WORK ORDER: Output exactly the lines that come between the start of the material and the line containing "2. oh my gosh", both ends included, with the pictures omitted.

· · ·

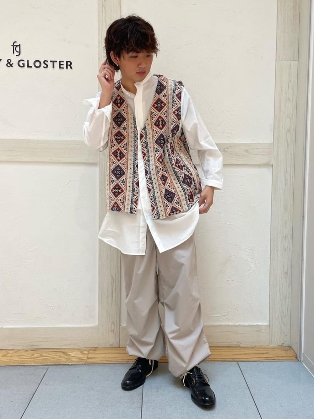 GLOSTER styling(FREDY & GLOSTER EC)のベスト「【GLOSTER/グロスター】ゴブランライク ネイティブ柄ベスト ジオメトリックパターン」を使ったコーディネート
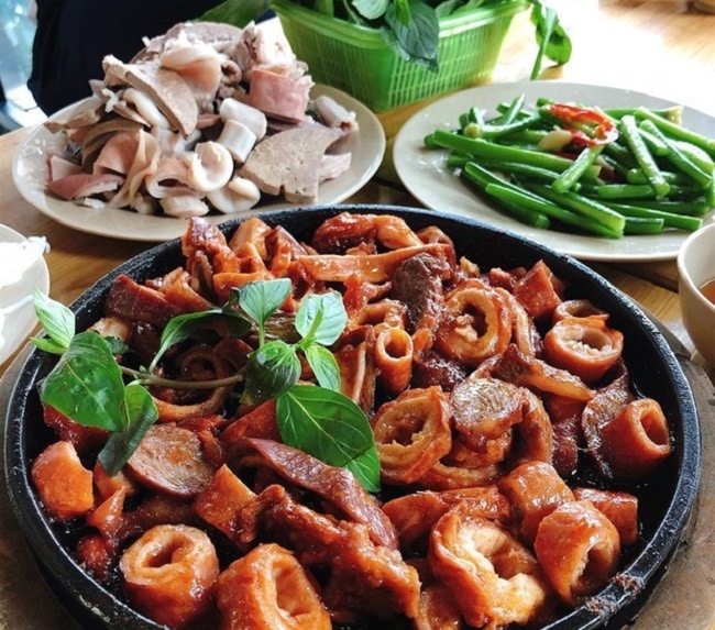 Đặt chân đến Hà Nội mà chưa thưởng thức đặc sản lòng rán thì quả thật là tổn thất lớn đối với thực thần chính hiệu. Miếng lòng sạch được rán chín xém cạnh, bên ngoài giòn tan bên trong mềm mại, ăn kèm với rau thơm, bún tươi, hòa quyện vị mắm tôm chua cay thì phải nói là “không thể chê được”.
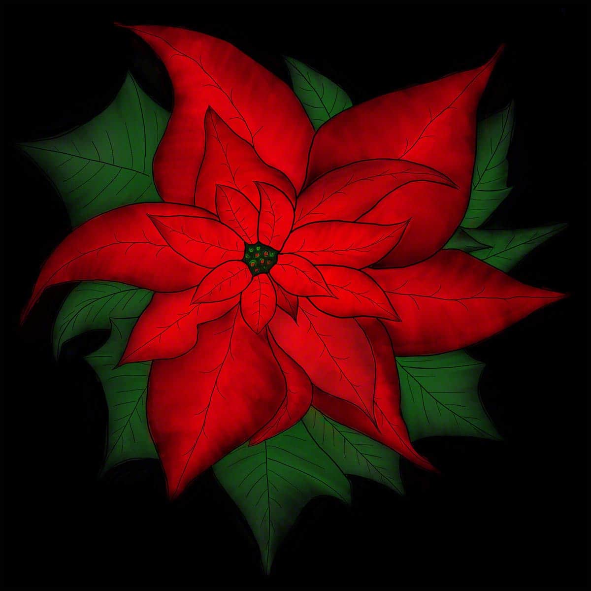 2. oh my gosh this is beautiful!!! Such detail you did. And yes, love how the black background just really makes it Pop! This is awesome because I cannot have a real poinsettia in the house due to the cat — so I have fakes ones in my greenery and lights — but they all seem “flat” Whereas yours just seems so alive!
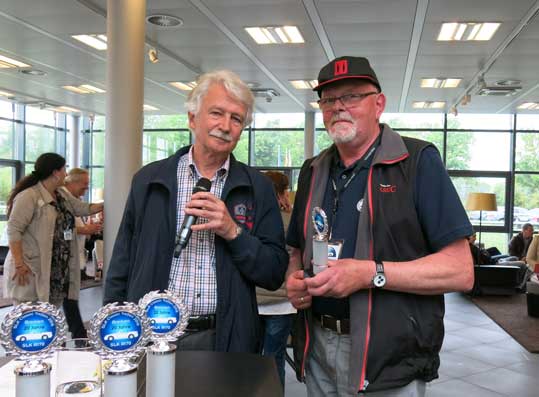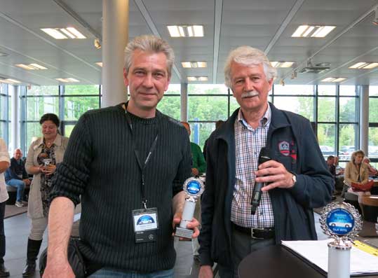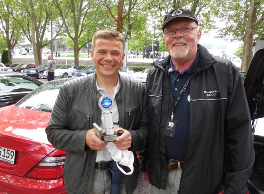 Stellvertretend hat Günter Oelschlaeger den Pokal für Claus Fein übernommen. Er unterstützt SLK Classic bei Fragen zu den Technik Tipps ,
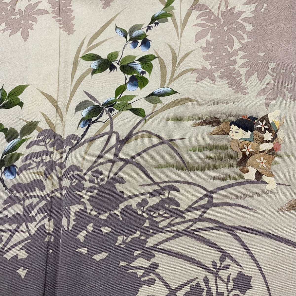 | 付下げ 秀品 落款 蓑虫工芸 田尾笛秋 童 生り物 薄小豆 袷 身丈155 裄丈63 S 正絹 【中古】 |
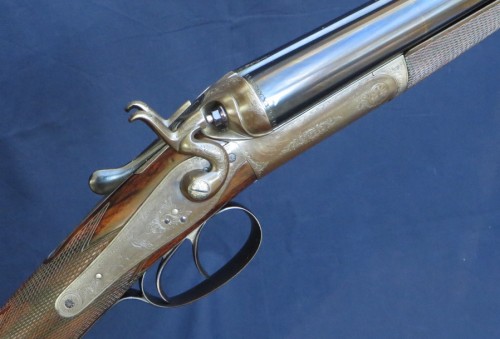 And the last, a beautiful 12b sidelock ejector by John Rigby & Co. Made circa 1887, it has 30 x 2 ½ damascus barrels and stunning 14 Ύ highly figured, replacement wood.
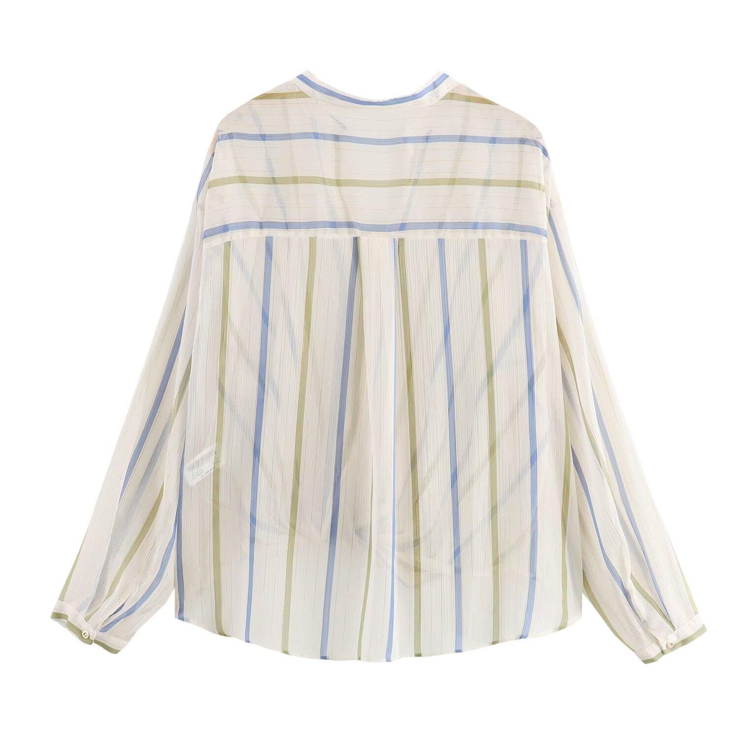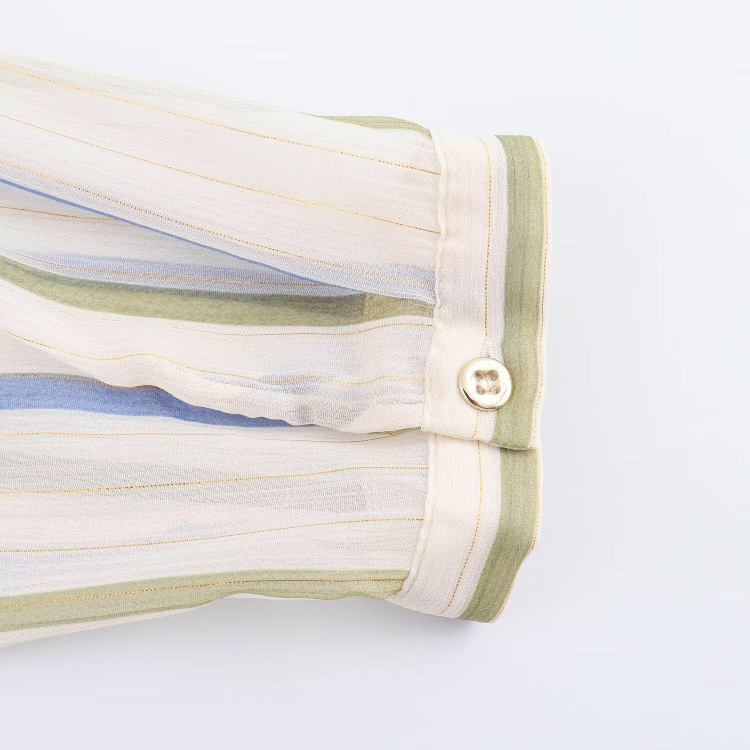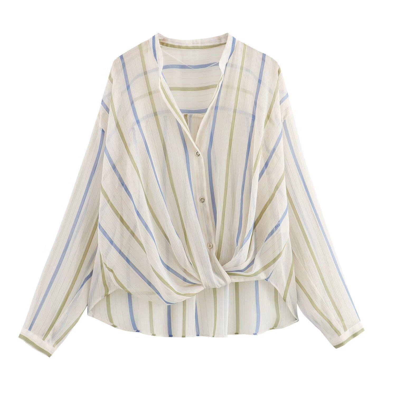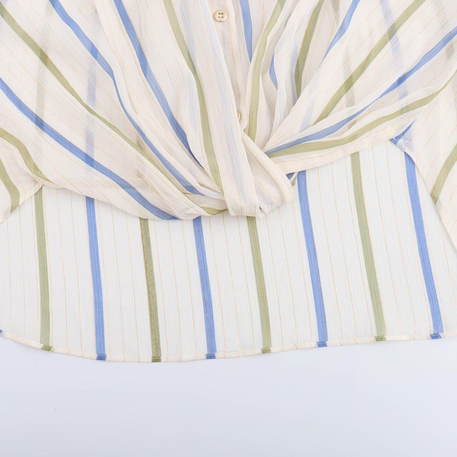Camisa de Manga Larga Holgada Casual para Exterior Otoño 2024 para Mujer Europea y Americana con Nudo y Raya Metálica F6676
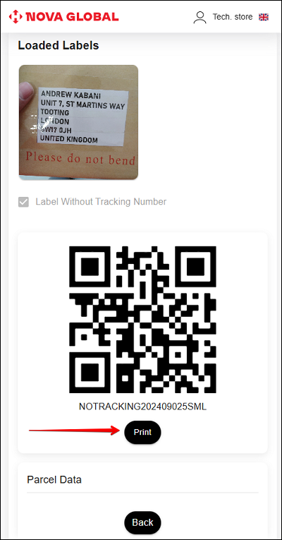 Parcels without track number (parcel with TN Generated, Awaiting Registration the status), include the display of QR and TN, it can be printed by clicking the Print button in the parcel card.

· · ·

TASK ANSWER:
 GLOSTER styling(FREDY & GLOSTER EC)のベスト「【GLOSTER/グロスター】ゴブランライク ネイティブ柄ベスト ジオメトリックパターン」を使ったコーディネート
 Đặt chân đến Hà Nội mà chưa thưởng thức đặc sản lòng rán thì quả thật là tổn thất lớn đối với thực thần chính hiệu. Miếng lòng sạch được rán chín xém cạnh, bên ngoài giòn tan bên trong mềm mại, ăn kèm với rau thơm, bún tươi, hòa quyện vị mắm tôm chua cay thì phải nói là “không thể chê được”.
 2. oh my gosh this is beautiful!!! Such detail you did. And yes, love how the black background just really makes it Pop! This is awesome because I cannot have a real poinsettia in the house due to the cat — so I have fakes ones in my greenery and lights — but they all seem “flat” Whereas yours just seems so alive!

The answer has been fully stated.